To appeal to job creators, Trump has taken a buckshot approach, lobbying companies in various industries to grow their businesses in America while also promising favorable changes to tax policy (that he may not be able to deliver) and continuing to cut regulations. Specifically, environmental regulations that were put in place by President Obama. And it’s that last method that may align Trump with Detroit and the American automobile manufacturing sector.

While big auto just saw positive gains in sales, bringing in $17.55 million in 2016, the looming increases in CAFE standards [Corporate Average Fuel Economy, meaning the average MPG (miles per gallon) of a company’s cars and light trucks] could take a toll on future profits.
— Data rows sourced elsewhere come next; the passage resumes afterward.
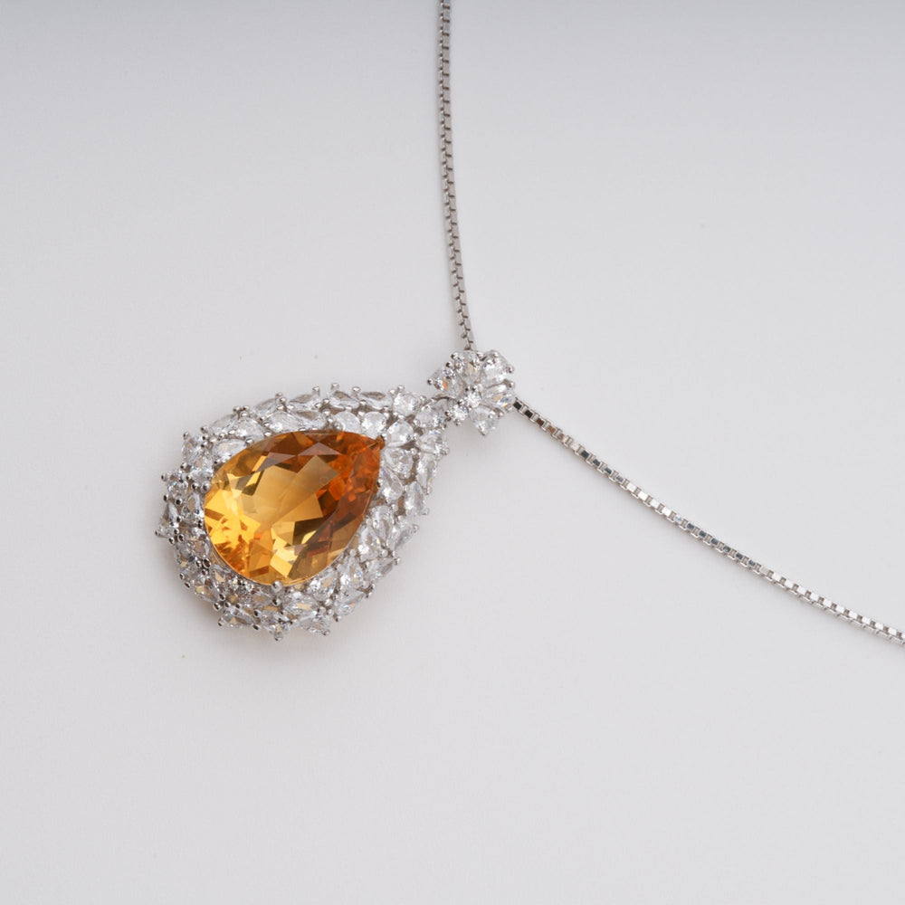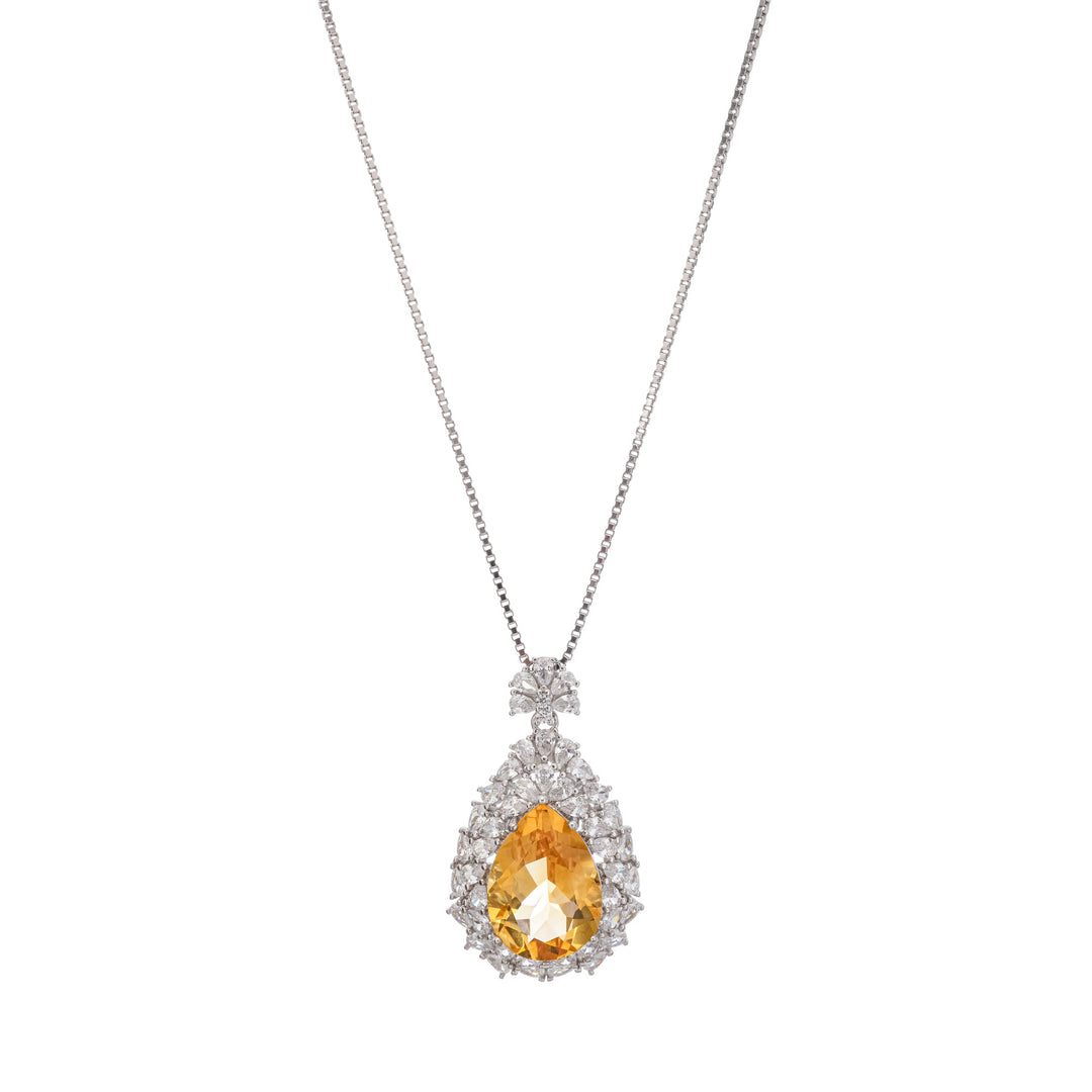 Giolla Yellow Teardrop Shaped Gemstone Pendant Sterling Silver Necklace
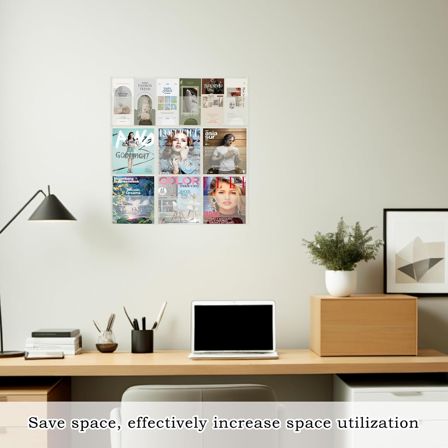 Acrylic Brochure Pamphlet Holder, 6 Magazine Holders and 6 Pamphlet Holders, Clear Brochure Display Stand Wall Mount, Trifold Flyer Rack, Literature Storage Rack for Home, Offices, Waiting Room
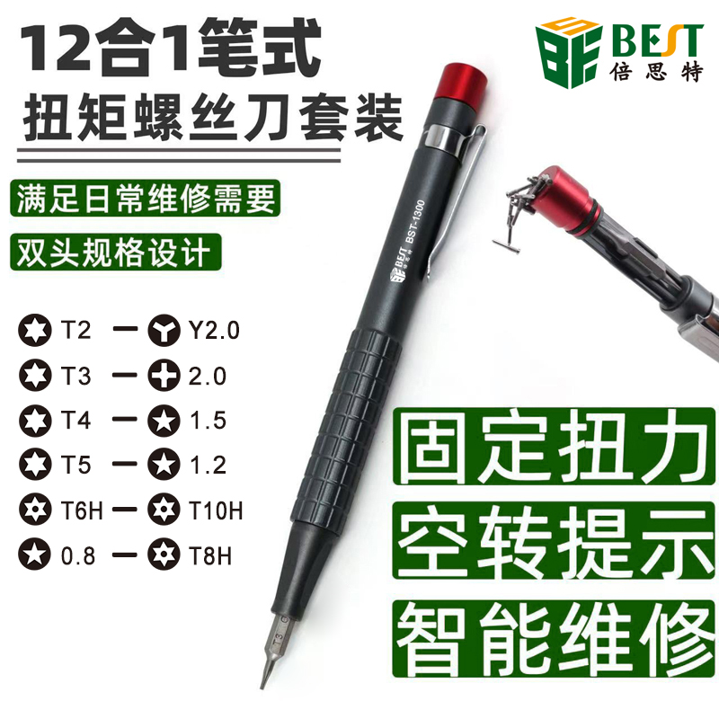 返回當前位置: 首頁 / 產(chǎn)品中心 / BST-1300 筆式12合1固定扭矩螺絲刀套裝
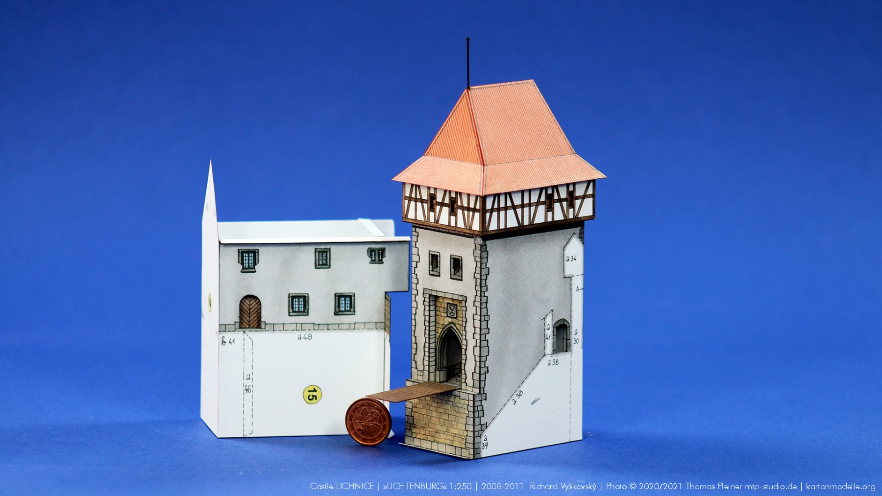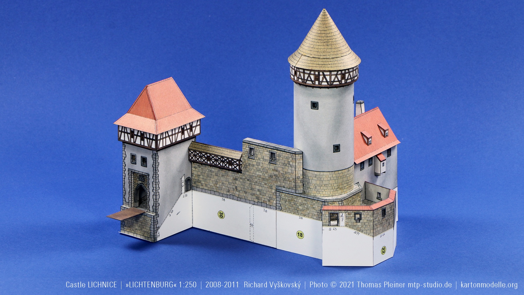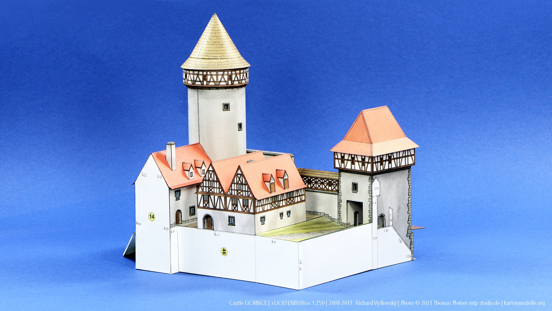 wie bei der Anmoderation von »Burg LIPNITZ (Hrad Lipnice)« (CLICK) erwähnt, ist bei den Modellbogen von Richard Vyškovský anzumerken, dass es sich nicht immer um die Abbildungen der Realiät handelt – sondern auch oft um Rekonstruktionen früherer Bauzustände.
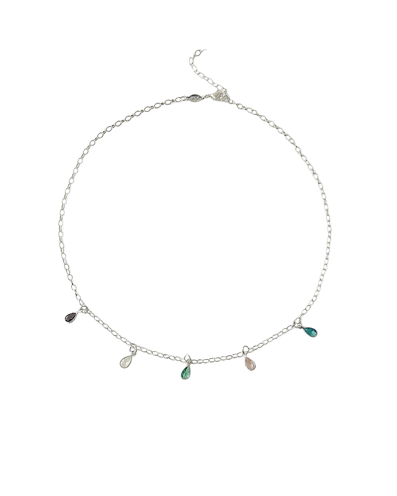 Pequenas gotas de cor distribuídas na corrente fazem deste colar banhado a prata 925 da UNA Semijoias e Aço um detalhe leve e alegre para o dia a dia. Os pingentes em forma de gota aparecem em diferentes tons suaves, criando um movimento delicado que ilumina o colo sem roubar a cena.
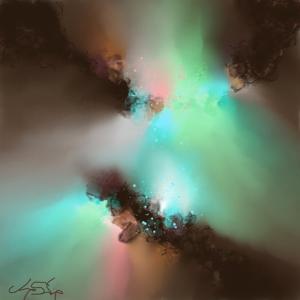 A vibrant display of light and color features swirling blues, greens, and pinks with soft edges and dark contrasting elements. The composition gives a sense of depth and movement, evoking a cosmic or underwater scene.
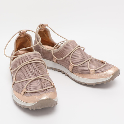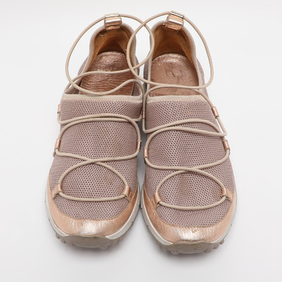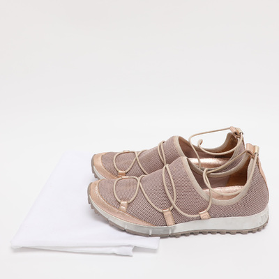 Ready to offer comfort and style, this pair of sneakers by Jimmy Choo will make a fantastic addition to your shoe collection. Theyve been crafted from mesh and leather trims and styled with lace ups on the uppers. Don these slip on sneakers with your favorite denim.
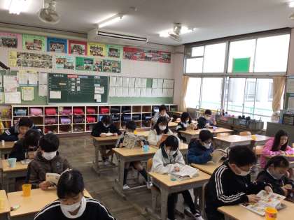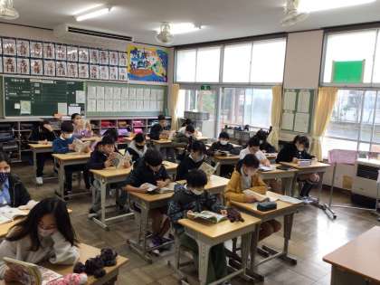 今日の読み語りは5・6年以外で実施だったので、5・6年は通常の読書タイムでした。8時半になると静かに読書が始まりました。とてもよい姿勢で本を読んでいました。さすが高学年ですね。
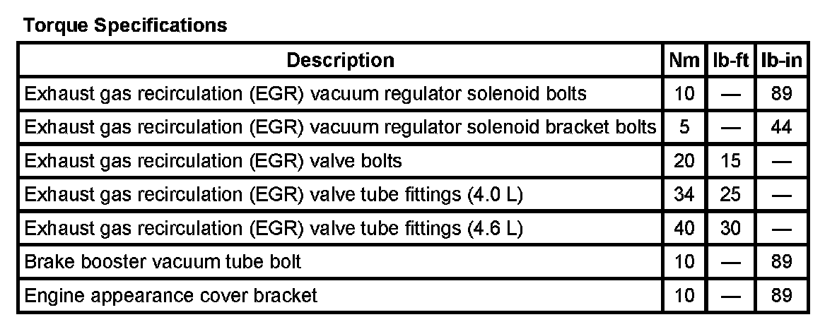 Torque Specifications:
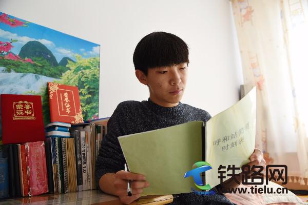 7.呼鐵青年志愿者馬澤軒在家做足車次信息和進站攻略等功課。
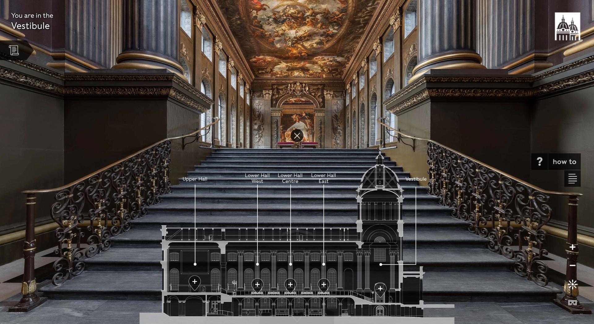 A screenshot from the virtual tour of the hall of the Old Royal Naval College in Greenwich, London

At least that’s what industry forces are whispering in Trump’s ear to great effect as he considers cutting those standards.

How We Got Here

Protective regulatory efforts are designed to curb current behavior and repent for past sins. And we’ve got a whole lot of the latter. In part, it’s because we didn’t have the sense to know that widespread pollution and the industrial revolution were making the earth unwell, but there were a few telltale signs. The Cuyahoga River catching on fire was a clue, and shortly after that event in 1969, the EPA was established, kickstarting an era of reforms.

The CAFE standard was put in place in 1975 to tamp down carbon emissions by reigning in hungry gas guzzlers and spurring innovation. Is it a burden on car companies? Anything that slows profit could be considered a burden — regulations, diminished interest in the market, the pangs of a conscience — but sometimes it’s worth the hurt.

And let’s remember that those car companies have found a way to prosper in that CAFE standards have doubtlessly nudged car companies toward the future, and that fuel economy, as of a 2015 study, was the most important factor for people when they were buying a car. Because, of course, it all relates to how much people drop at the pump, which relates to how much money they have in their wallets. People like money, thus, they should like fuel economy. Especially since, as we’ve seen over the last 14 years, fuel prices can balloon and cause a crippling burden on people who don’t have a lot of disposable income.

President Obama was aware of this, which is why he battled to improve standards. Obama came to a 2011 agreement with automakers that would increase fuel efficiency to 54.5 MPG by model year 2025, which, if fully implemented (a massively big “if” at this point), could cut oil consumption by 12 billion barrels.

The goal was and still is big and maybe impossible. And with automakers now proclaiming that they would need to raise vehicle prices and cut manufacturing jobs (as many as one million) to make getting to 54.5 mpg economically feasible, environmentalists are concerned that no one is going to be a voice on their side in the halls of power. Especially with this review of the policy being done under the watch of anti-regulation zealot Trump and climate change denier and EPA head Scott Pruitt. The question is: will Trump propose new targets, and will they be reasonable or a reversal of years of progress in the effort to make America less dependent on fossil fuels?